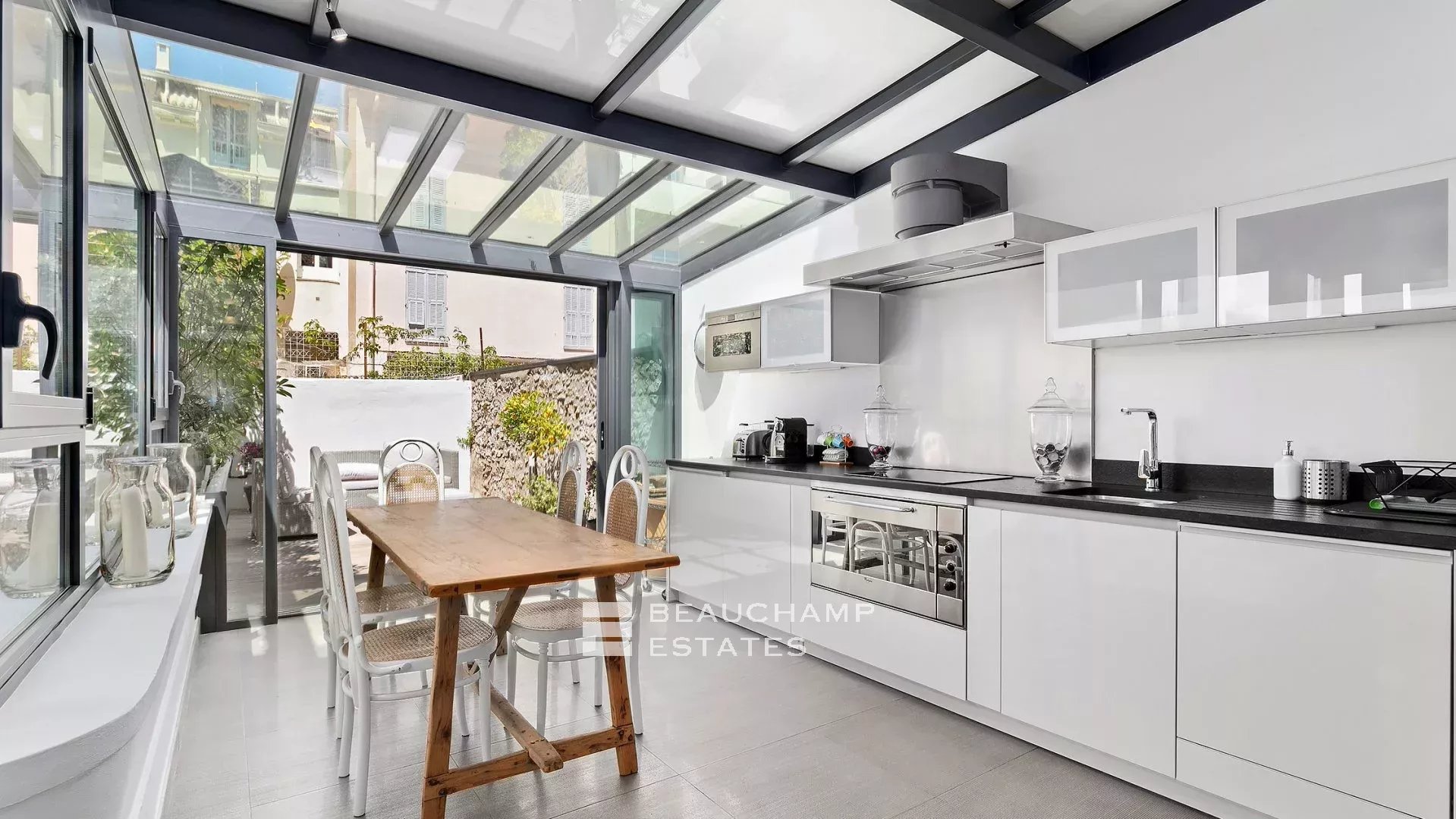 Il se compose d'un séjour donnant accès à la terrasse d'environ 23m2, d'un espace salle à manger, d'une agréable cuisine dotée d'une verrière et entièrement équipée, d'une chambre de Maître en suite avec salle de douche et toilette, deux chambres en suite avec salle de douche, et d'un toilette invités.
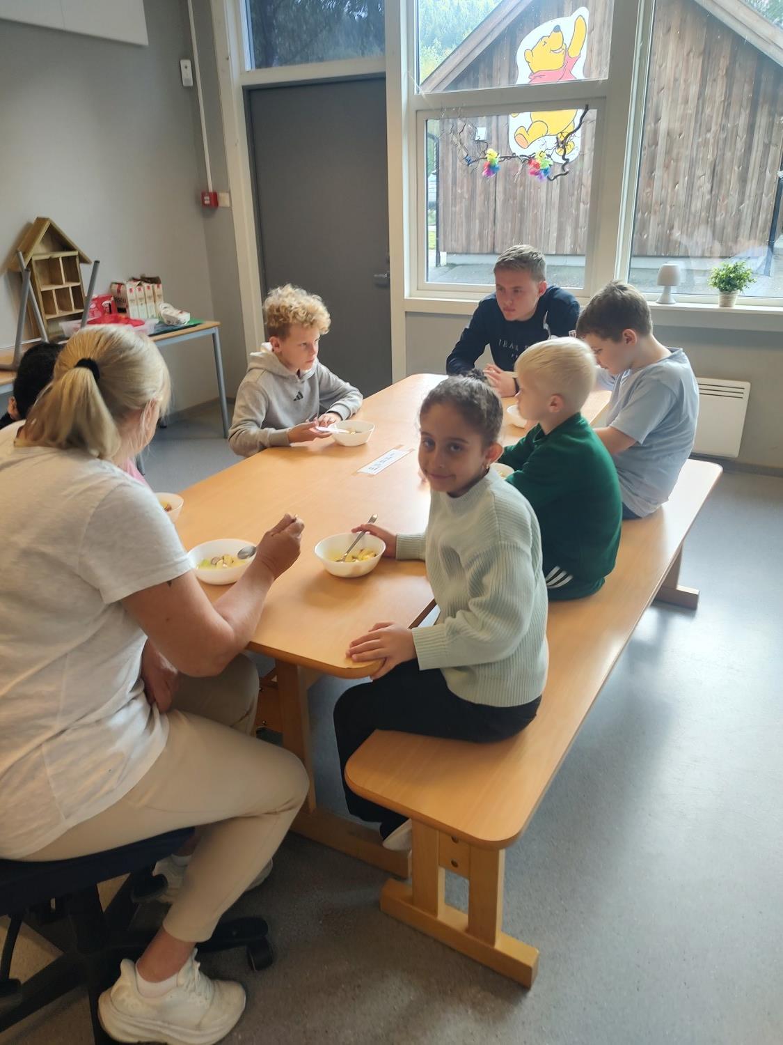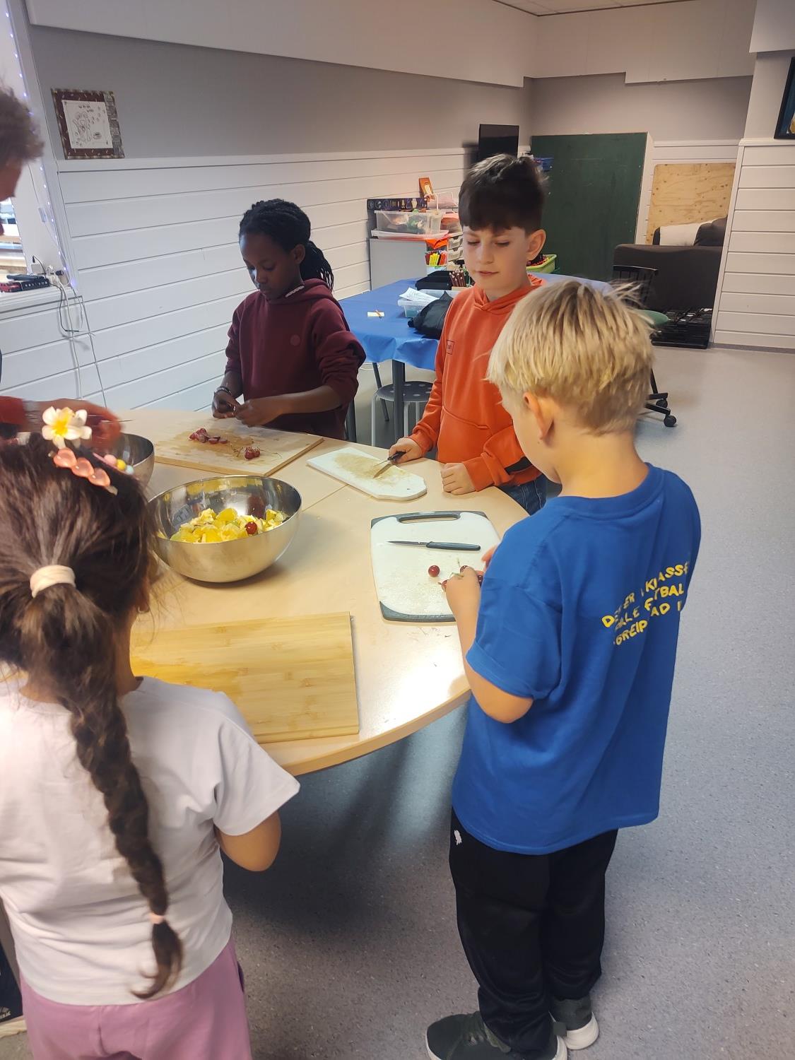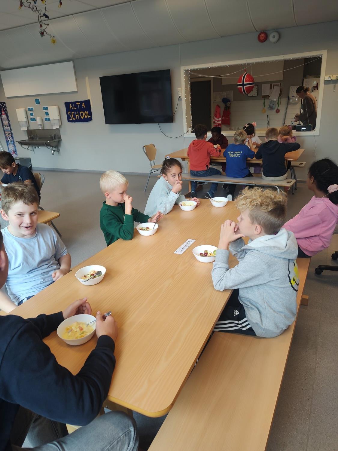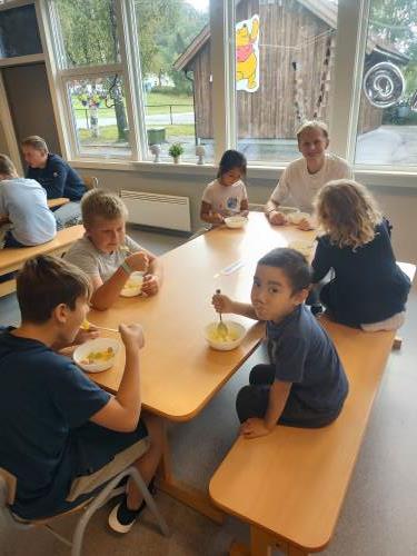 1. og 4. klasse har kost seg med å lage fruktsalat sammen, Mens noen jobbet på kjøkkenet, spilte resten brettspill sammen i klasserommet. Alle var med og hjalp med å kutte frukt, elevene var kjempeflinke:)
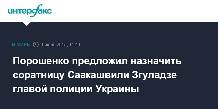 Москва. 4 июня. INTERFAX.RU - Президент Украины Петр Порошенко заявил, что хотел бы видеть руководителем реформированной полиции такого специалиста, как нынешний первый замминистра внутренних дел Украины Эка Згуладзе.
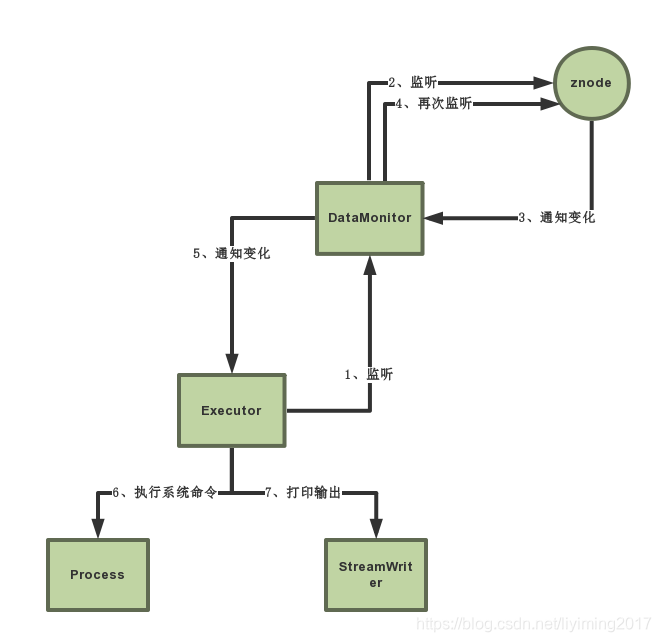 * 自己作为DataMonitor的listener。当dm监控到变化时会调用executor执行业务操作
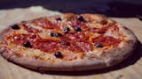 Organic crust, vegan mozzarella & gluten-free/ vegan pepperoni, tomato sauce, and kalamata olives.
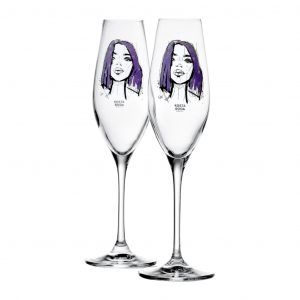 Anna Ehrners klassiska servisglasserie Line med den tunna glastråden, ett signum för svenskt kvalitetshantverk.
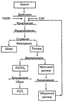 Основным рудным сырьем для производства алюминия являются бокситы. В качестве примера на рис. 5.45 приведена технологическая схема производства алюминия из бокситов (указаны операции, которые входят в каждую стадию технологической схемы).

What you need to do —
When copying from the data above, print only the lines from the line containing "Organic crust, vegan" to the line containing "Anna Ehrners klassiska", exactly, and leave the pictures out.

Exercise answer —
 Organic crust, vegan mozzarella & gluten-free/ vegan pepperoni, tomato sauce, and kalamata olives.
 Anna Ehrners klassiska servisglasserie Line med den tunna glastråden, ett signum för svenskt kvalitetshantverk.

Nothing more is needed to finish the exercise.